- AVAILABLE RECORDS
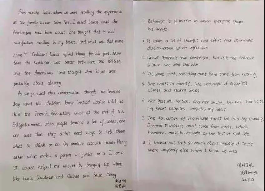 英语书写比赛的开展是国际学院营造良好学风的一项重要活动,同学们在挥洒笔墨中绽放青春光彩。在接下来的学生管理中,国际学院将继续加强优良学风建设、进一步提升学生的综合素质。
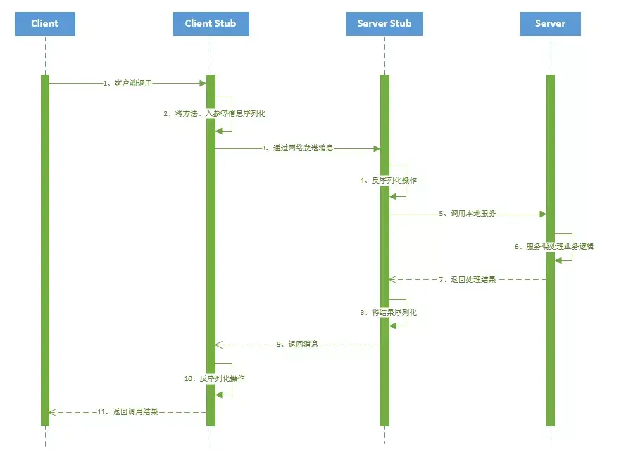 3、服务端存根(Server Stub):接收客户端发送过来的请求消息并进行解包,然后再调用本地服务进行处理
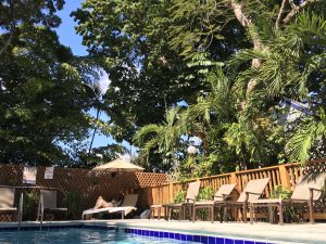 Gestärkt reiten wir weiter zum Island City House und finden – nachdem wir dem Müllwagen für einige Minuten gefolgt sind – einen Non-Residental-Parkplatz direkt vor der Tür. Wir melden uns bei der Ankunft erneut an der Rezeption zurück. Ich hatte meine Regenjacke im Schrank des Zimmers vergessen. Ein Hoch auf das fleissige Zimmermädchen. Wir packen noch nicht, sondern werfen uns in Badeklamotten und trotten zum Pool, an dem wieder einmal kaum etwas los ist. Wir finden eine schöne Liege für zwei Personen mit Schirm, der einen vorm Verbruzzeln in der Sonne schützt. Wir ziehen ein paar Runden im lauwarmen Wasser, genießen die Sonne und chillen bei leiser südamerikanischer Musik.
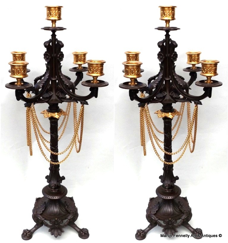 Fine Pair of Superbly Cast French Ormolu & Bronze Five Light Candelabras, each complete with original ormolu double hanging chains and firm fitting drip pans. Mid Nineteenth Century.The four ornate outswept reeded arms supported by a slender central bronze column ending on a lavish cast bronze tri-form support with applied Acanthus leaves, standing on three claw feet. Condition: Superb condition with no losses, these pieces have been professionally re-gold plated and the Bronze areas which retain their original patination have been waxed.
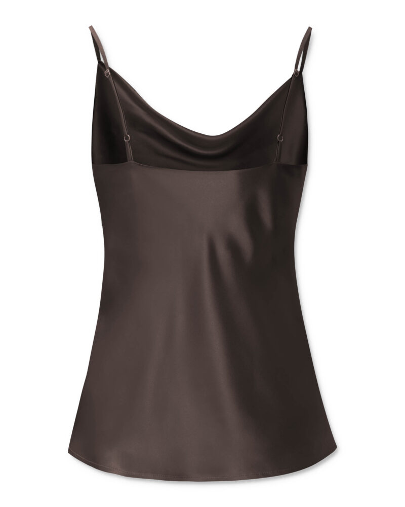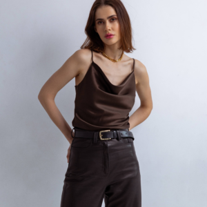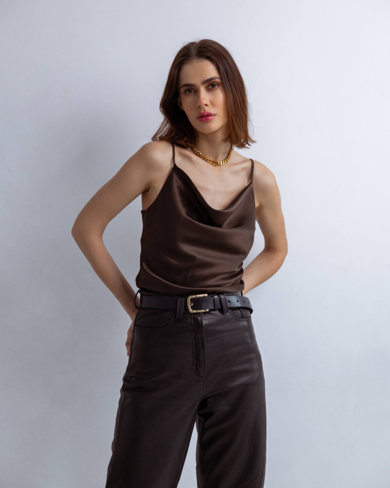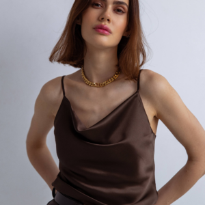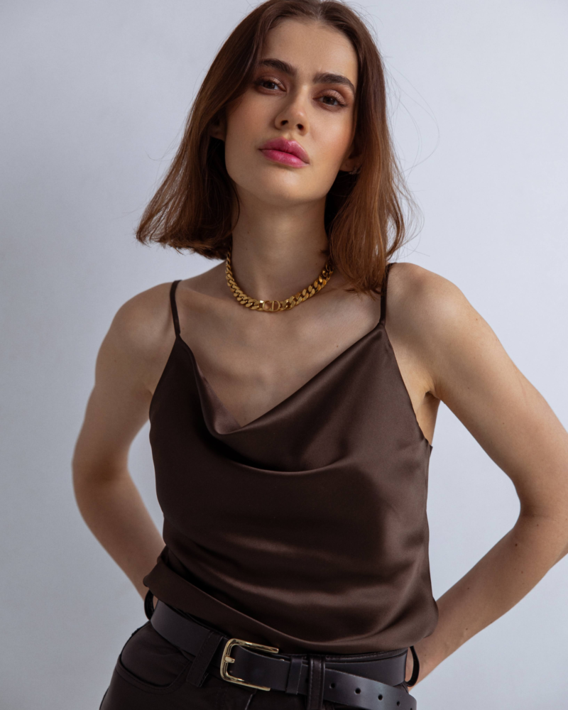 Elegancki jedwabny top z regulowanymi ramiączkami typu spaghetti i dekoltem w kształcie wody. Kwintesencja luksusu i idealna baza każdej kobiecej garderoby.
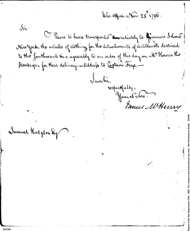 - In source: Collection: Post Revolutionary War Papers, 1784-1815. (RG94)
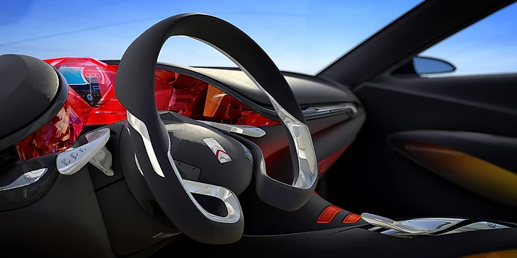 Система управления похожа не истребитель: чтобы дать пяточку, нужно переместить джойстик вперед; чтобы повернуть – направить его в бок; чтобы остановить – потянуть назад. Водить машину сможет и комсомолка, сидящая на переднем пассажирском кресле.
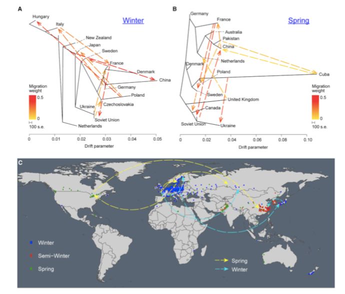 進(jìn)一步計(jì)算世界地圖上顯著的基因流數(shù)目之后,在冬型和春型油菜中發(fā)現(xiàn)了四個(gè)主要基因流(圖2C)。冬型油菜的基因流從法國(guó)到俄羅斯(weight=0.5)、法國(guó)到瑞典(weight==0.3)、波蘭到日本(weight==0.3)和日本到中國(guó)(weight==0.3),而春型油菜的基因流從法國(guó)到俄羅斯(weight==0.5)、法國(guó)到瑞典。經(jīng)德國(guó)(weight=0.4),瑞典到加拿大(weight=0.2),加拿大到中國(guó)(weight=0.5)。沒(méi)有顯著的生態(tài)型漂移事件(inter-ecotype drift events)(圖2 A、B)。
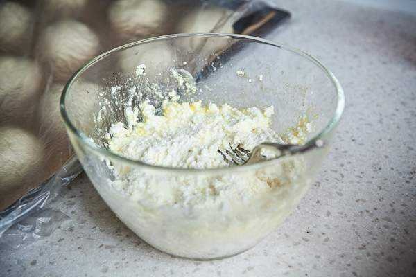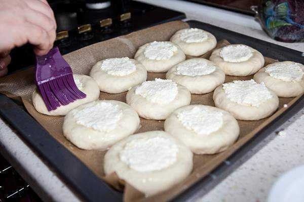Важно смазывать не начинку, а именно тесто по краям ватрушки.
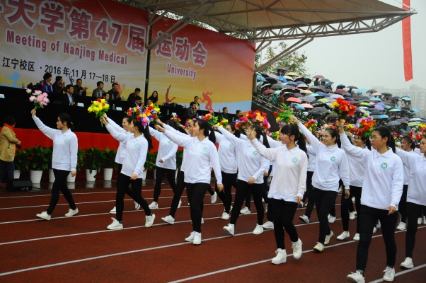 2016年11月17日上午9点,南京医科大学校运会开幕式拉开序幕,校长沈洪兵,校党委副书记、副校长周亚夫、党委副书记、纪委书记石金楼,副校长夏有兵、王瑞新、鲁翔、李建新及校总会计师李建清出席此开幕式。

- YOUR OBJECTIVE
Give again, word for word, the lines above from the first one through the one containing "3、服务端存根(Server"; no pictures.

- RESPONSE TO THIS TASK
 英语书写比赛的开展是国际学院营造良好学风的一项重要活动,同学们在挥洒笔墨中绽放青春光彩。在接下来的学生管理中,国际学院将继续加强优良学风建设、进一步提升学生的综合素质。
 3、服务端存根(Server Stub):接收客户端发送过来的请求消息并进行解包,然后再调用本地服务进行处理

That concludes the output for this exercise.